Eddy was soothing. There was no doubt of that. He stayed her with minced chicken and comforted her with soft shelled crab. His voice was a lullaby, lulling her Joe-harassed nerves to rest.

They discussed the dear old days. A carper might have said that Eddy was the least bit vague on the subject of the dear old days. A carper might have pointed out that the discussion of the dear old days, when you came to analyse it, was practically a monologue on Mary's part, punctuated with musical 'Yes, yes's' from her companion. But who cares what carpers think? Mary herself had no fault to find. In the roar of New York Dunsterville had suddenly become very dear to her, and she found in Eddy a sympathetic soul to whom she could open her heart.

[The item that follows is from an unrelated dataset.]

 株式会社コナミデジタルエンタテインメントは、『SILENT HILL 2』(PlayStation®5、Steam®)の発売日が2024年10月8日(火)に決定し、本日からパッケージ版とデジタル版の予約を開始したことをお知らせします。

'Do you remember the old school, Eddy, and how you and I used to walk there together, you carrying my dinner-basket and helping me over the fences?'

'Yes, yes.'

'And we'd gather hickory-nuts and persimmons?'

'Persimmons, yes,' murmured Eddy.

'Do you remember the prizes the teacher gave the one who got best marks in the spelling class? And the treats at Christmas, when we all got twelve sticks of striped peppermint candy? And drawing the water out of the well in that old wooden bucket in the winter, and pouring it out in the playground and skating on it when it froze? And wasn't it cold in the winter, too! Do you remember the stove in the school-room? How we used to crowd round it!'

'The stove, yes,' said Eddy, dreamily. 'Ah, yes, the stove. Yes, yes. Those were the dear old days!' Mary leaned her elbows on the table and her chin on her hands, and looked across at him with sparkling eyes.

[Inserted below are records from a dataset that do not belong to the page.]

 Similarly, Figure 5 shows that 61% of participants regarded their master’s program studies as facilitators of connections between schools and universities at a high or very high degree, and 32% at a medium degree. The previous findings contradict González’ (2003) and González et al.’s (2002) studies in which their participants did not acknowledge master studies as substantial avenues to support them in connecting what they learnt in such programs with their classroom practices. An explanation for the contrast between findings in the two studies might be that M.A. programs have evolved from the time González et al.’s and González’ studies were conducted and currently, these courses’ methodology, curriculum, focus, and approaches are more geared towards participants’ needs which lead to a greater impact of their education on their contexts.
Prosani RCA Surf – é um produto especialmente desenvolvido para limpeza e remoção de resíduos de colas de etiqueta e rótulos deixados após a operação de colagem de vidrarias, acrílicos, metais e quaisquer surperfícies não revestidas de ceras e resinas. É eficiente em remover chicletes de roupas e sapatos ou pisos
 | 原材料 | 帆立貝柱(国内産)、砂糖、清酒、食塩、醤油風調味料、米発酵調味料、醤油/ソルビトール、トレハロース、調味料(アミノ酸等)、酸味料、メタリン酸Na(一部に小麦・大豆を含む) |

'Oh, Eddy,' she said, 'you don't know how nice it is to meet someone who remembers all about those old times! I felt a hundred million miles from Dunsterville before I saw you, and I was homesick. But now it's all different.'

'Poor little Mary!'

'Do you remember—?'

He glanced at his watch with some haste.

'It's two o'clock,' he said. 'I think we should be going.'

Mary's face fell.

'Back to that pig, Joe! I hate him. And I'll show him that I do!'

Eddy looked almost alarmed.

'I—I shouldn't do that,' he said. 'I don't think I should do that. It's only his manner at first. You'll get to like him better. He's an awfully good fellow really, Joe. And if you—er—quarrelled with him you might find it hard—what I mean is, it's not so easy to pick up jobs in New York, I shouldn't like to think of you, Mary,' he added, tenderly, 'hunting for a job—tired—perhaps hungry—'

Mary's eyes filled with tears.

'How good you are, Eddy!' she said. 'And I'm horrid, grumbling when I ought to be thanking you for getting me the place. I'll be nice to him—if I can—as nice as I can.'

'That's right. Do try. And we shall be seeing quite a lot of each other. We must often lunch together.'

Mary re-entered the office not without some trepidation. Two hours ago it would have seemed absurd to be frightened of Joe, but Eddy had brought it home to her again how completely she was dependent on her former serf's good-will. And he had told her to be back at two sharp, and it was now nearly a quarter past.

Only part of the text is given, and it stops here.